Database Design & SQL Mastery
Schema Design & Normalization
Database schema design is arguably the most critical skill tested in backend interviews. A poorly designed schema leads to data anomalies, performance problems, and maintenance nightmares. This lesson covers normalization forms, denormalization trade-offs, and a full interview-style schema walkthrough.
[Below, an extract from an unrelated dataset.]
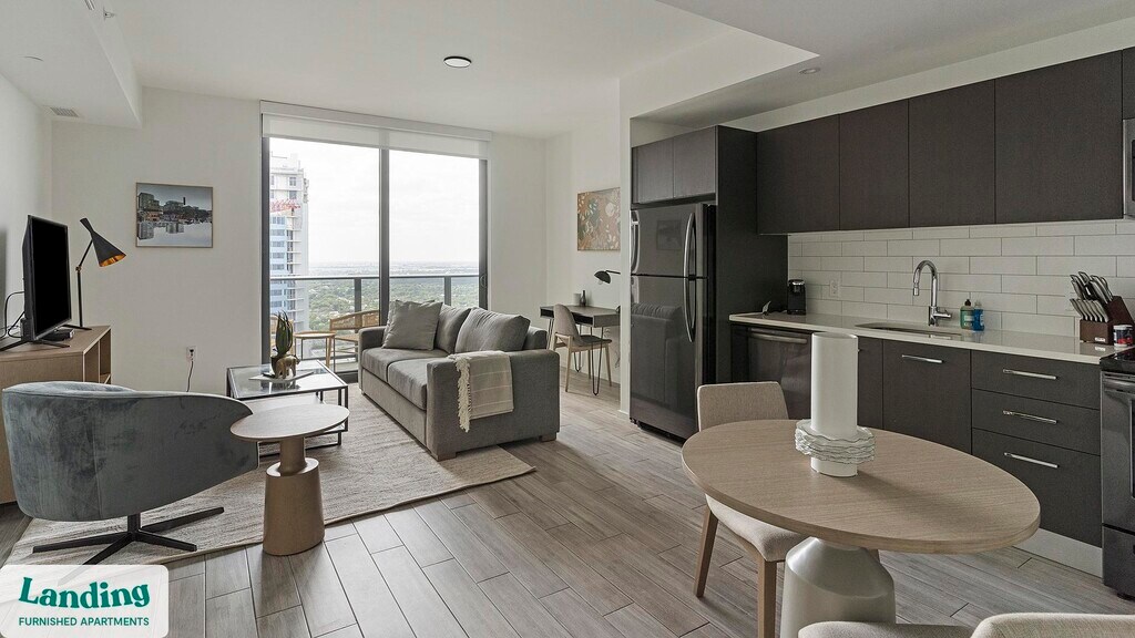 Landing offers flexible lease terms from weeks to months. Please always visit our website or contact us for the latest pricing & availability. Stay longer, save more: 6-Month Minimum base rent: starts at $3453/mo 12-Month Minimum base rent: starts at $3036/mo Landing offers flexible leases across a network of over 35,000 fully-furnished apartments throughout 375+ cities so you can rent on your terms, practically anywhere, and avoid the hassle of paying deposits or application fees. Visit to learn about all the benefits of a Landing membership, see our competitive up-to-date pricing, explore available apartments, take virtual tours, and make reservations online without jumping through traditional rental hoops. Landing's apartments at Flow Fort Lauderdale are designed for comfortable, easy living, with the ability to stay as long as you like. Experience living with Landing Every apartment is outfitted with all the modern essentials including: custom-designed furnishings, a fully-equipped kitchen with deluxe stainless steel appliances, a gourmet coffee maker, premium linens, Smart TVs, and incredibly fast, reliable internet for working from home. When you live with Landing, you'll enjoy a hassle-free experience with the added benefit of 24/7 access to our dedicated member experience team. Some of the nitty-gritty: a background check and proof of income are required; we're completely smoke-free; bundled utility packages and pricing vary based on length of stay; pet-friendly options available; listed price reflects a 12-month minimum stay.
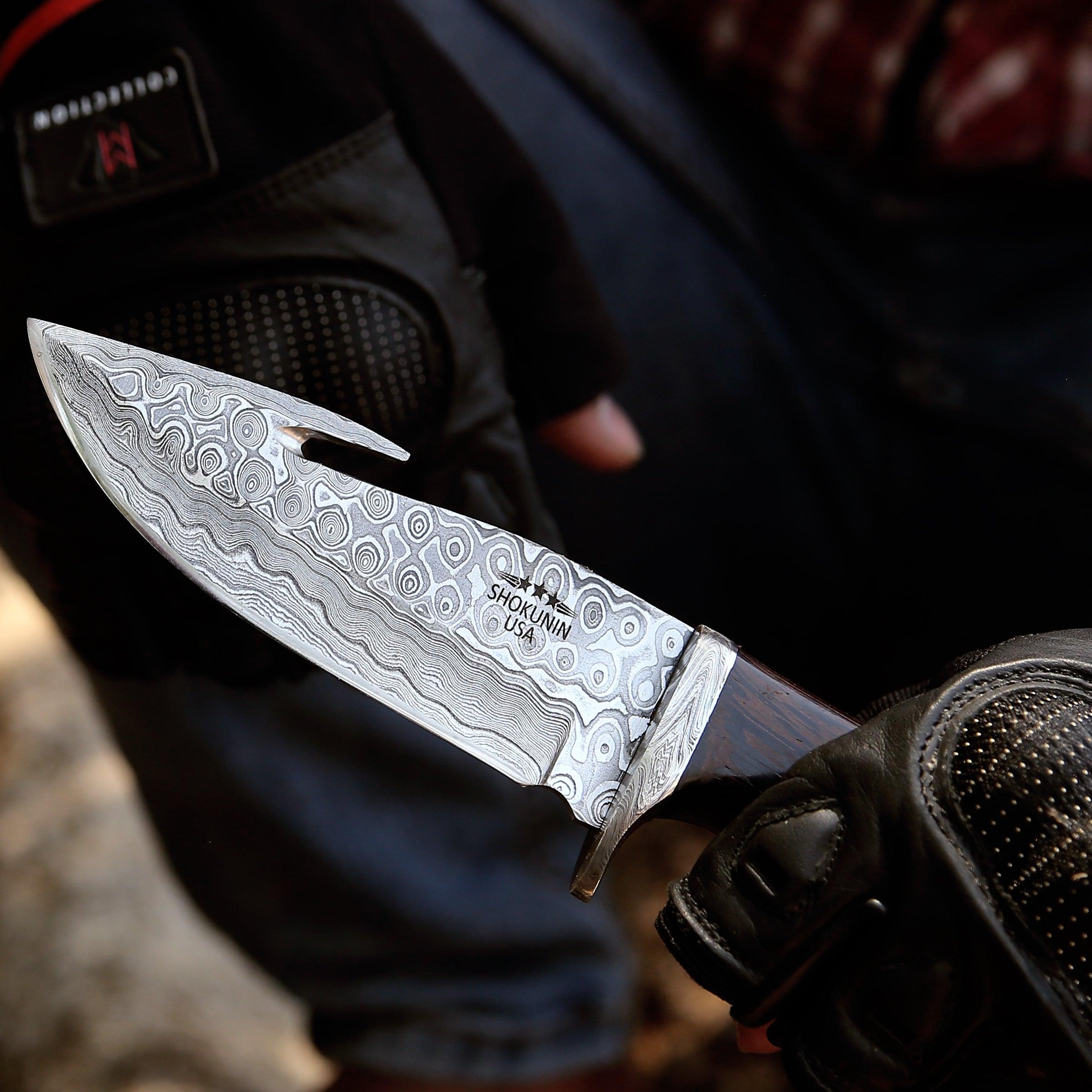 Captain Damascus Hunting Knife with Gut Hook & Exotic Wenge Wood Handle

Normal Forms: From 1NF to BCNF
Normalization eliminates data redundancy by organizing columns and tables. Each normal form builds on the previous one.
First Normal Form (1NF)
A table is in 1NF when:
- Every column contains atomic (indivisible) values
- There are no repeating groups or arrays in a single column
Violation example -- storing multiple phone numbers in one column:
-- BAD: violates 1NF
CREATE TABLE customers (
id SERIAL PRIMARY KEY,
name VARCHAR(100),
phones VARCHAR(255) -- "555-0101, 555-0102, 555-0103"
);
-- GOOD: 1NF compliant
CREATE TABLE customers (
id SERIAL PRIMARY KEY,
name VARCHAR(100)
);
CREATE TABLE customer_phones (
id SERIAL PRIMARY KEY,
customer_id INTEGER NOT NULL REFERENCES customers(id),
phone VARCHAR(20) NOT NULL
);
Second Normal Form (2NF)
A table is in 2NF when it is in 1NF and every non-key column depends on the entire primary key, not just part of it. This only applies to tables with composite primary keys.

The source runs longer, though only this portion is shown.